Four points from our four big games (Liverpool, Newcastle, l’Arse and Man Utd) is a tad below par, and the gap to the ‘orrible lot down the road has shrunk accordingly, but even the most pessimistic, nihilistic doom-mongerers of our clan are struggling to whip themselves into a genuine frenzy regarding our two consecutive defeats. Disappointing for sure, but not much more. That said, the phlegmatic approach would dissipate sharpish if our cheery odyssey were to unravel further at Goodison today. Losing to l’Arse and Utd is understandable, but our Top Four (Three) credentials darn well demand that normal service is resumed pronto – and continued in the coming weeks.
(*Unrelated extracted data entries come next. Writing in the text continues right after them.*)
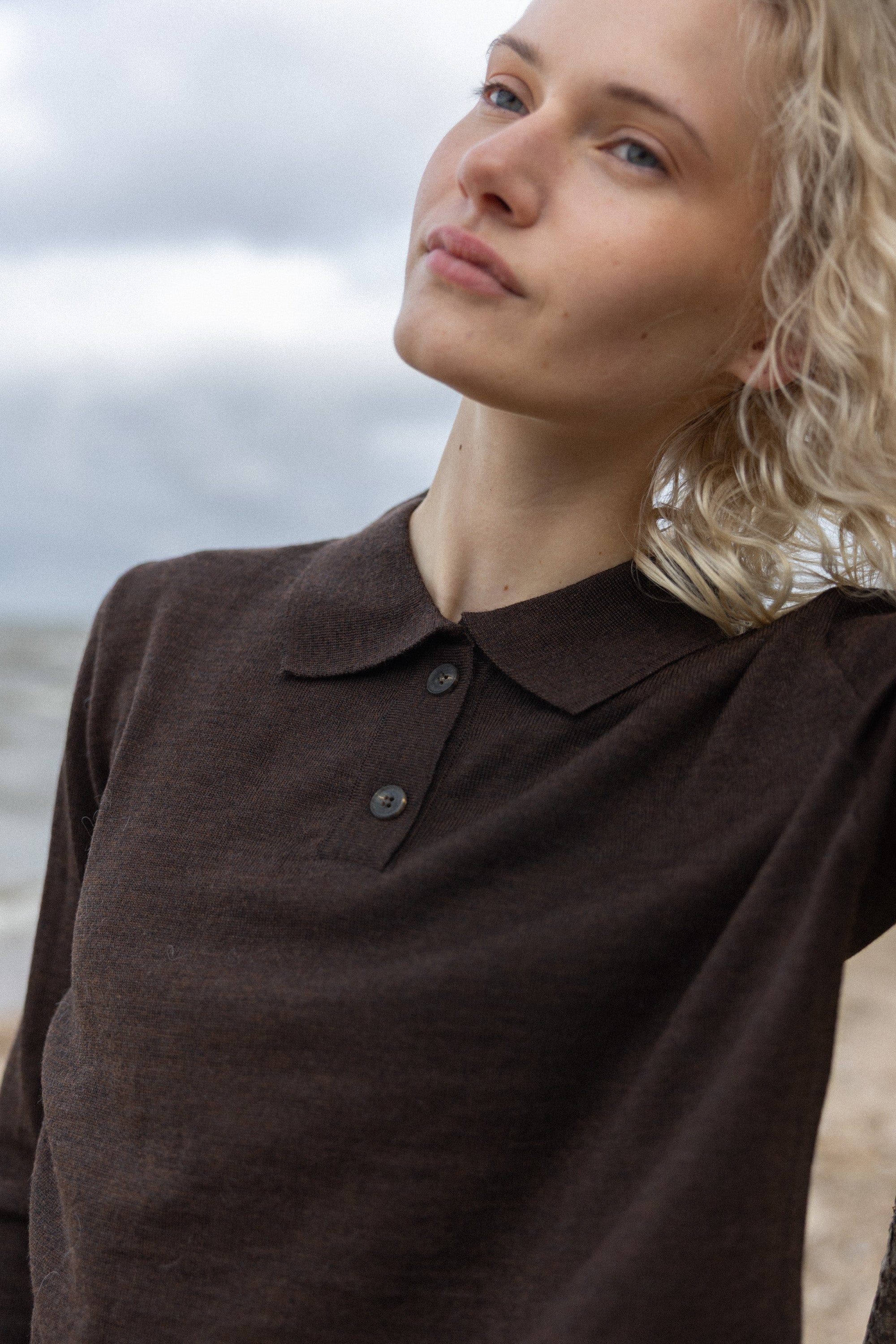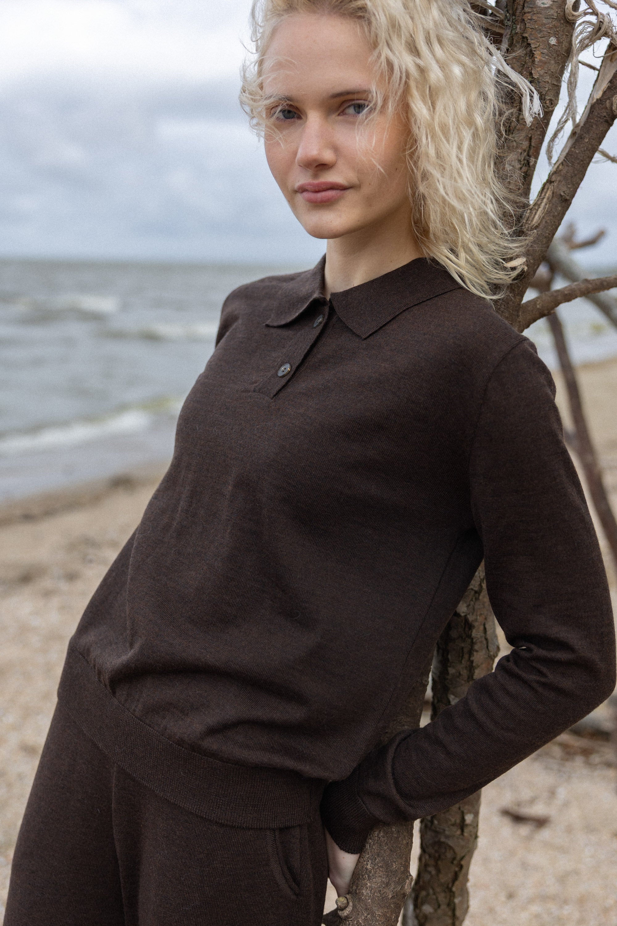 Galante polo top redefines modern elegance through simplicity. It’s designed in a relaxed fit with long sleeves and a classic polo collar.
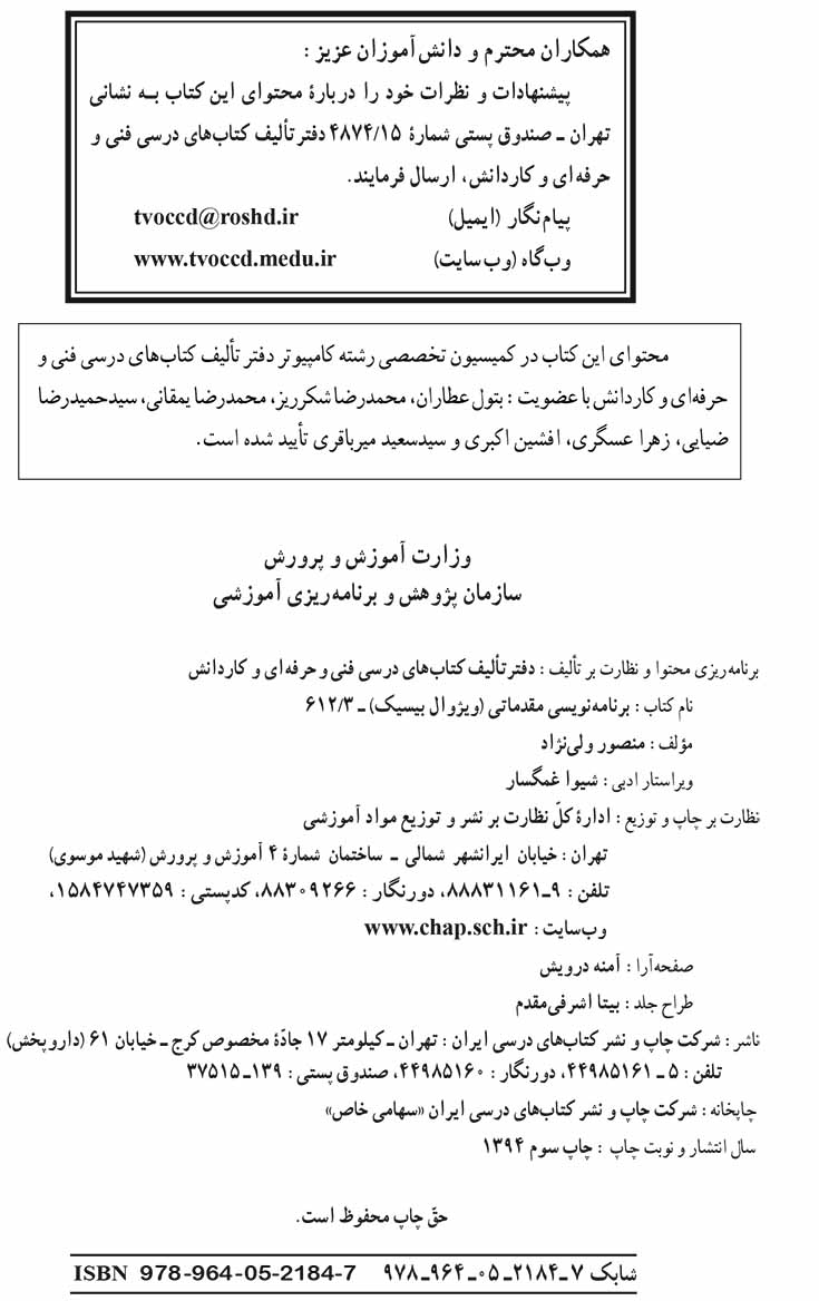 🔖 book_keywords : دانلود فایل pdf برنامه نویسی مقدماتی (ویژوال بیسیک) سال ۱۳۹۴ نوشته مؤسسه فرهنگی هنری دیباگران تهران
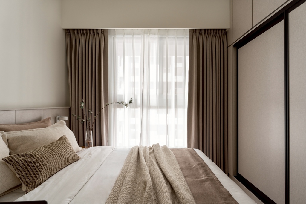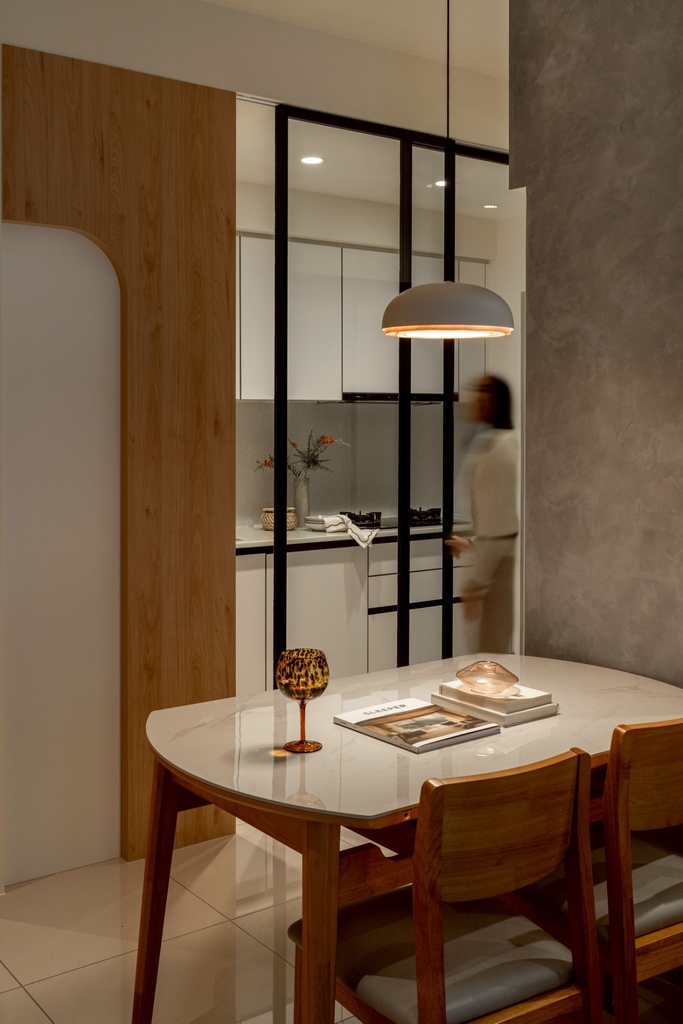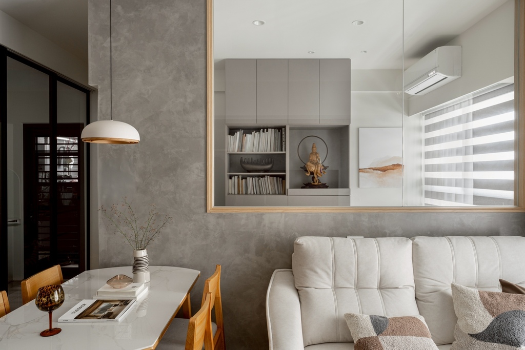 原本封閉的+1房,設計師將它改成半牆半玻璃的設計,瞬間讓空間通透起來,既保有獨立空間的功能性,又不會讓整體感覺狹小壓迫。

Battling draws at mid-table teams are tommyrot now – we need to return to that swift, fizzing passing style, and the games will win themselves accordingly.
‘Arry’s Lexical Ambiguities
David Moyes has celebrated his 10 years in charge at Everton (crikey) as anyone would, by striking a gentleman’s agreement with our glorious leader, to the effect that Monsieur Saha will not feature today. However, ‘Arry has indicated that there is one small caveat to this agreement – in that it will not apply if he decides to pick Saha after all. Apart from stretching the definition of “gentleman’s agreement” beyond anything any self-respecting lexicographer has ever previously contemplated, the selection of Saha would be jolly rotten luck upon Jermain Defoe, who could probably score a five-minute hat-trick, solve the economic crisis and cure cancer within one substitute appearance, only to find himself overlooked again in the following game.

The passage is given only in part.